-- Opening Marker --
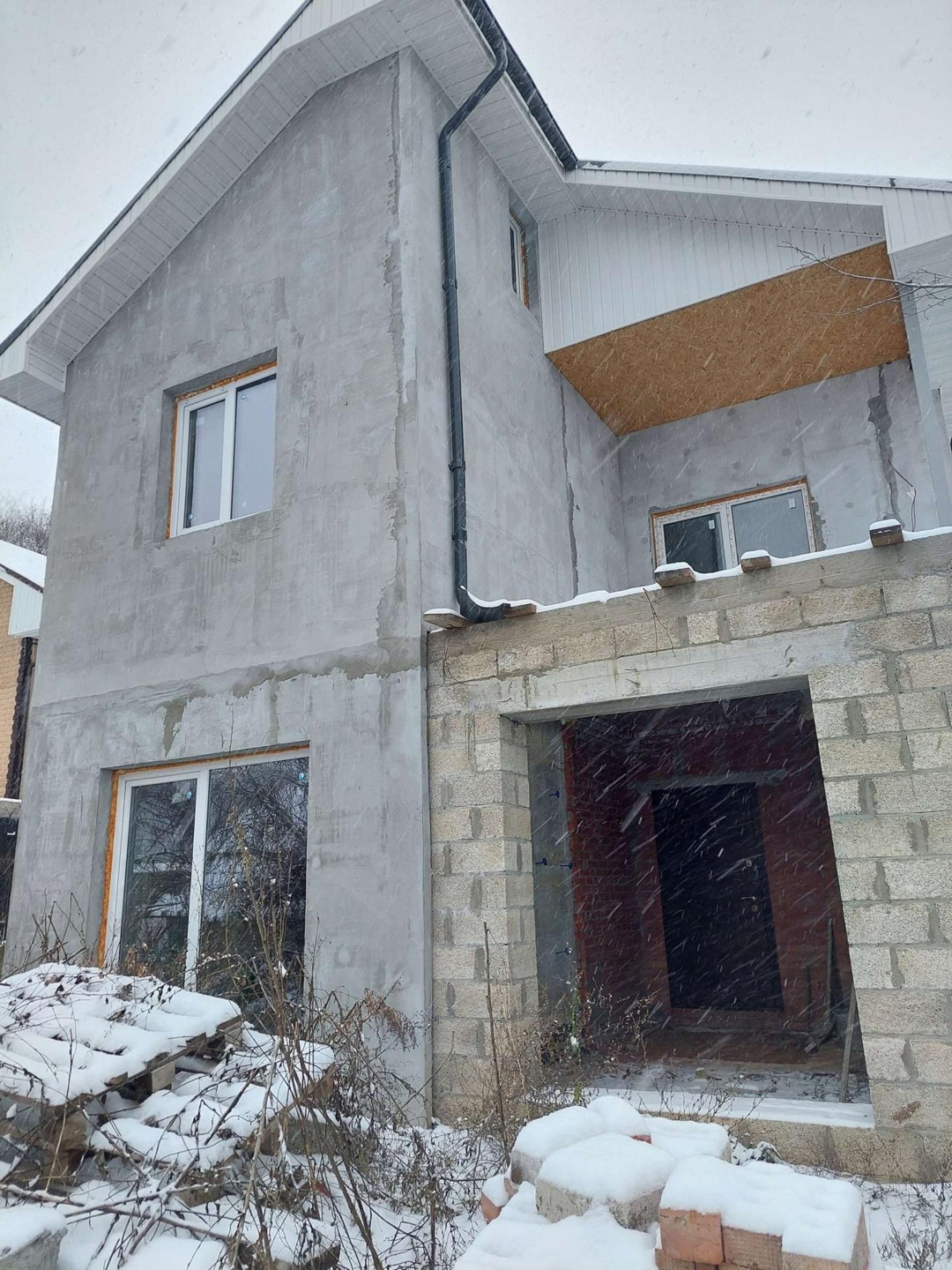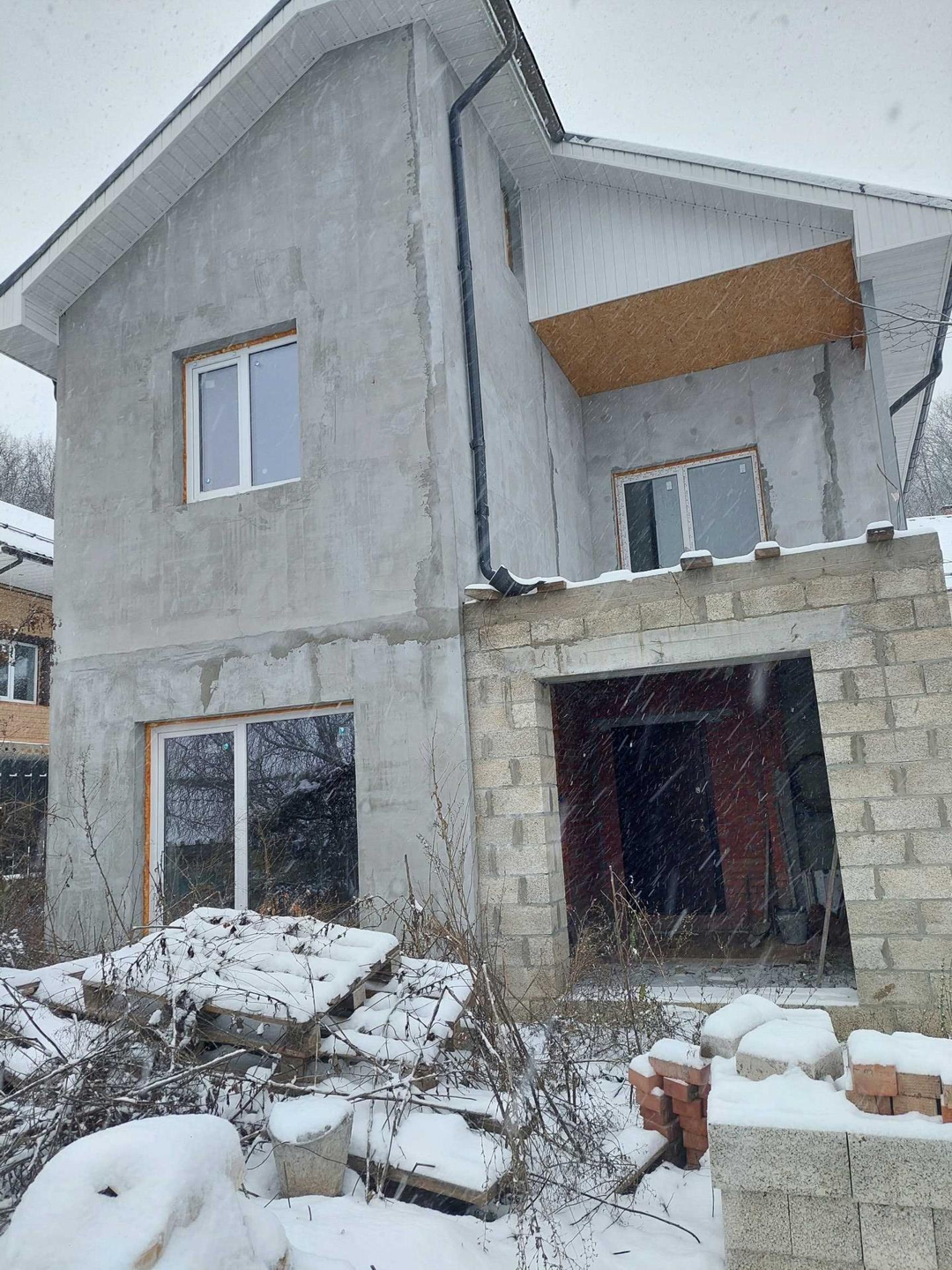 продается дом, газ, свет, вода, фундамент под забор, черновой, осталась только отделка, 3 комнаты, балкон. Прекрасное место, рядом лес. Торг. На участке есть старый дом, можно в нем жить и заниматься отделкой.
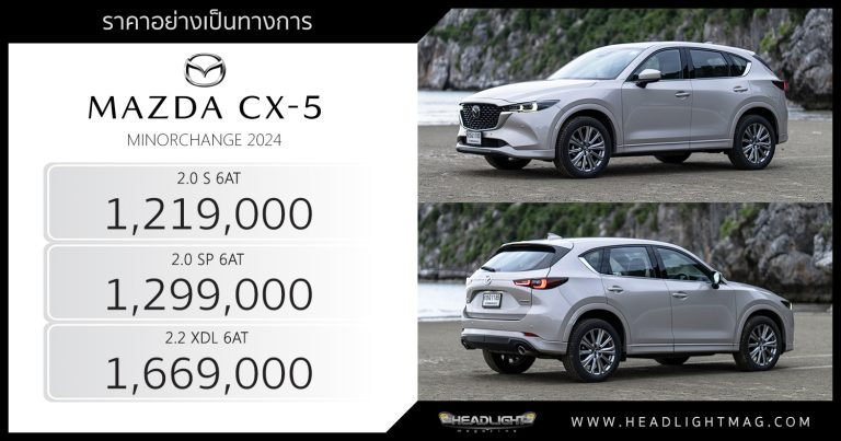 ราคาอย่างเป็นทางการ Mazda CX-5 Minorchange 2024 CX-5 2. … อ่านเพิ่มเติม ราคาอย่างเป็นทางการ Mazda CX-5 Minorchange 2024 : 1,219,000 – 1,669,000 บาท | ปรับดีไซน์ เพิ่มอ็อพชั่น ราคาถูกลง !
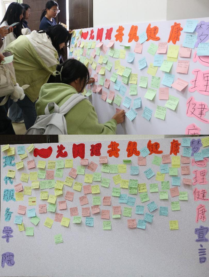 本次活动旨在提升大学生对于心理健康的认知,更为大家提供了一个交流与分享的平台,共同探讨如何在快节奏的生活中守护心灵绿洲。曾征不仅积极倡导自我心理健康的关注,还鼓励大家将这份关怀延伸至他人,共同营造一个温馨和谐的心理环境。讲座中,曾征紧扣学生关注的热点话题,运用视频教学这一生动形式,打开了学生们的心扉。同学们纷纷主动分享自己在日常生活中遇到的积极经历,欢声笑语充盈着整个教室。借此良机,曾征引导同学们以笔为媒,记录下自己的闪光点,用正面的语言为自己加油打气,并在“心理健康宣言留言板”上郑重写下对未来心理健康生活的美好憧憬与承诺。
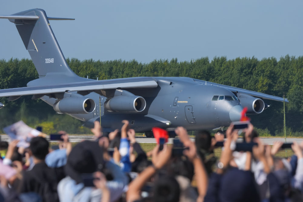 ↑9月19日,觀眾在現(xiàn)場拍攝運油-20A。新華社記者 許暢 攝
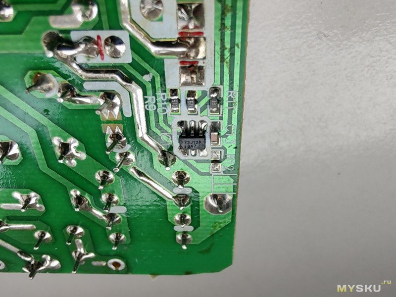 Не стал сильно ковырять элементы — микросхема ШИМ OB2273. На одной плате получилось её считать и сфотать. Конденсатор по ШИМ — 50V/10uF.
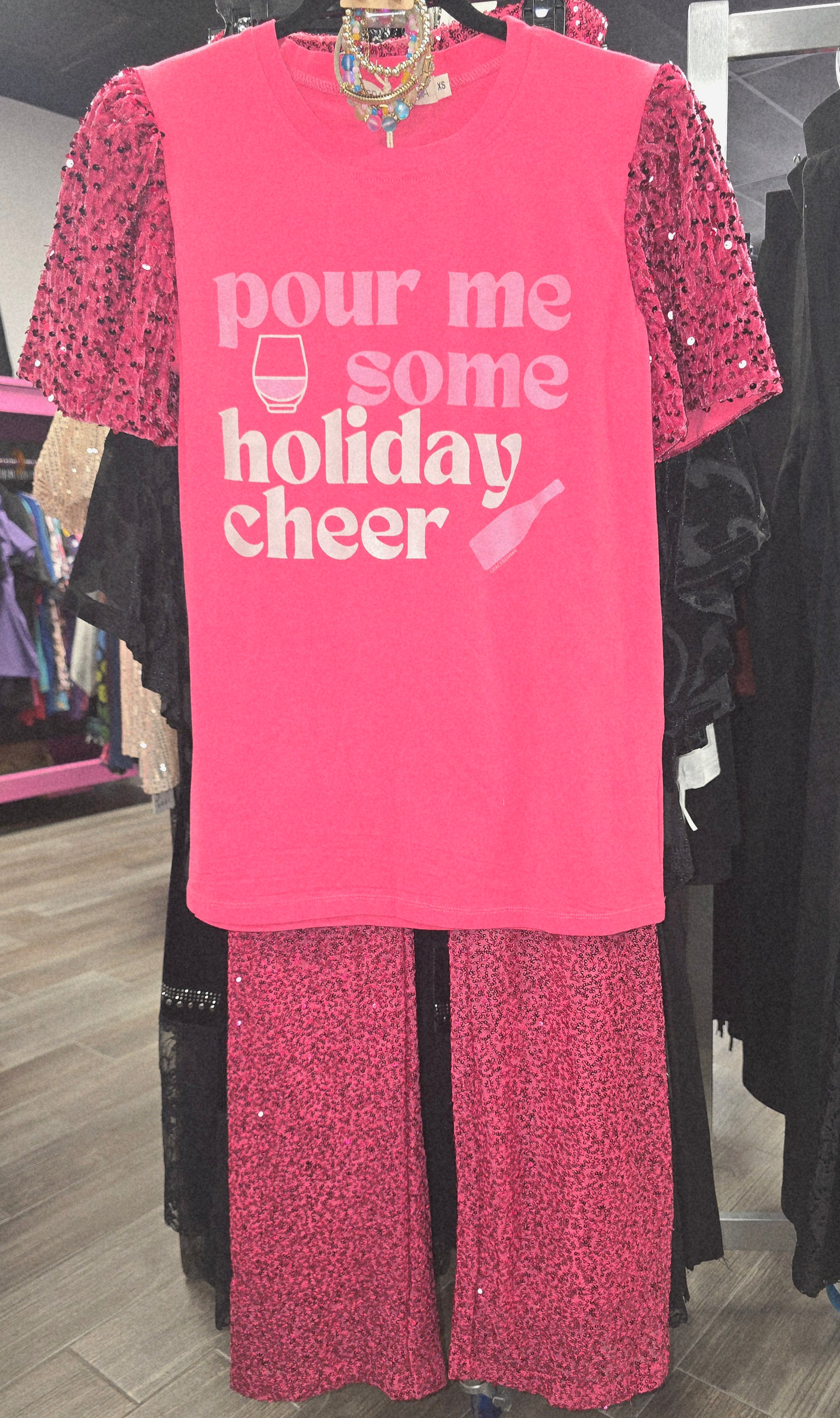 Christmas Holiday "Pour Me Some Holiday Cheer" Graphic Fuchsia Cotton Top with Matching Velvet/Sequins Puff Sleeve - Sizes Ex Small - 2X | New Arrival | Charlotte's Classy Closet
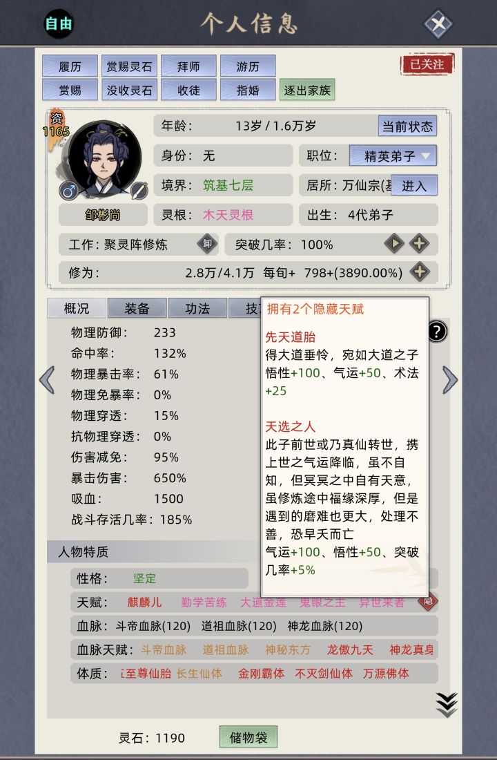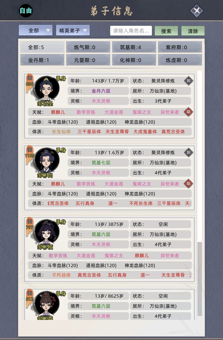1.自然出生弟子 面貌、天赋、体质最多15个
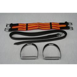 Tout le nécessaire pour équiper la selle référence 107 soit: 1 paire d’étrivière en cuir + 1 paire d’étrier en fer nickelé + 1 sous ventrière en coton à la mesure choisie.
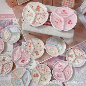 新款捏捏食玩餐盘仿真盘子圆形三格分餐盘娃娃屋diy手工树脂配件
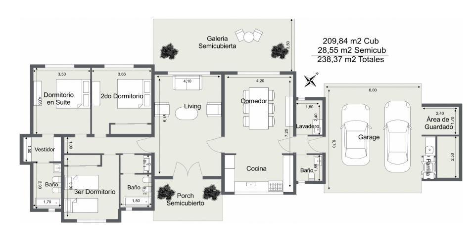 Con un total de 238,37 m2, de los cuales 209,84 m2 son cubiertos.
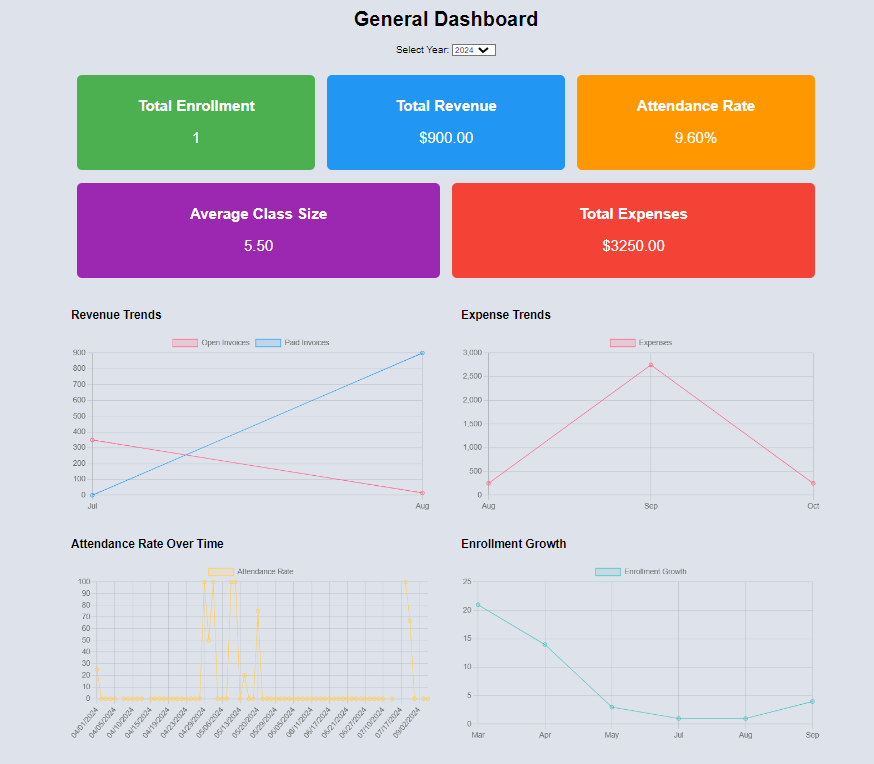 REPORTS: Detailed reports for everything you do is available from the website for student attendance, staff timecard, billing - payments/invoices and entire roster.
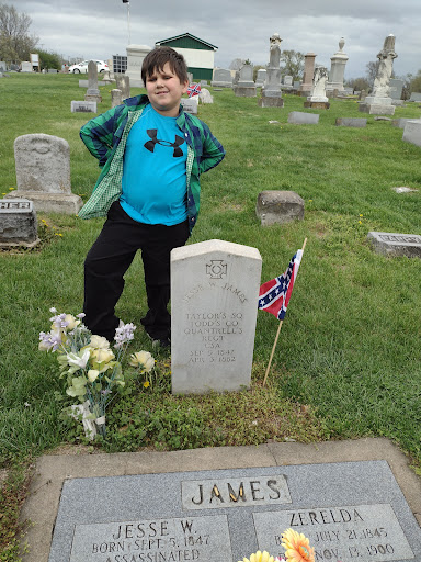 When you get to Mount olivet cemetery his grave is kind of by two pine trees. There was a confederate flag on it when we went. This is his final resting place originally his mom buried him at their cabin just less than 3 mi away from here. There's also a museum there worth a stop! He's buried by his wife Zarelda. And his mother is beside them also named Zarelda on one side of him. The other side is his stepdad and the dad to his half brother, Archie, that died by the "Pinkerton bomb'' that was meant for Jesse. Archie's grave is right...
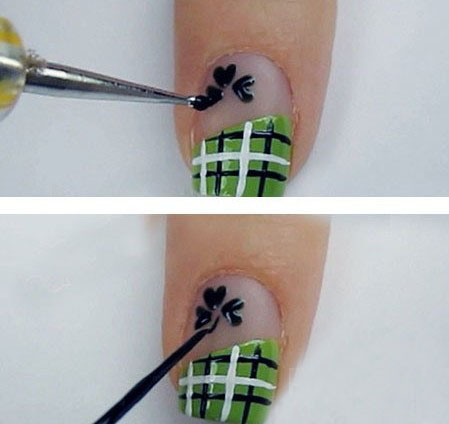 綠格子DIY美甲教程step3:網(wǎng)格添加完后,便開始三葉草的點綴。用點鉆筆畫出三個小愛心就OK了。是不是很簡單。最后在下方刷出一撇作為三葉草的莖部。
-- Closing Marker --
PROBLEM DESCRIPTION. From the first line of the listing above, repeat every line through the one holding "Не стал сильно". Both ends count, and pictures stay out.

ANSWER BOX.
 продается дом, газ, свет, вода, фундамент под забор, черновой, осталась только отделка, 3 комнаты, балкон. Прекрасное место, рядом лес. Торг. На участке есть старый дом, можно в нем жить и заниматься отделкой.
 ราคาอย่างเป็นทางการ Mazda CX-5 Minorchange 2024 CX-5 2. … อ่านเพิ่มเติม ราคาอย่างเป็นทางการ Mazda CX-5 Minorchange 2024 : 1,219,000 – 1,669,000 บาท | ปรับดีไซน์ เพิ่มอ็อพชั่น ราคาถูกลง !
 本次活动旨在提升大学生对于心理健康的认知,更为大家提供了一个交流与分享的平台,共同探讨如何在快节奏的生活中守护心灵绿洲。曾征不仅积极倡导自我心理健康的关注,还鼓励大家将这份关怀延伸至他人,共同营造一个温馨和谐的心理环境。讲座中,曾征紧扣学生关注的热点话题,运用视频教学这一生动形式,打开了学生们的心扉。同学们纷纷主动分享自己在日常生活中遇到的积极经历,欢声笑语充盈着整个教室。借此良机,曾征引导同学们以笔为媒,记录下自己的闪光点,用正面的语言为自己加油打气,并在“心理健康宣言留言板”上郑重写下对未来心理健康生活的美好憧憬与承诺。
 ↑9月19日,觀眾在現(xiàn)場拍攝運油-20A。新華社記者 許暢 攝
 Не стал сильно ковырять элементы — микросхема ШИМ OB2273. На одной плате получилось её считать и сфотать. Конденсатор по ШИМ — 50V/10uF.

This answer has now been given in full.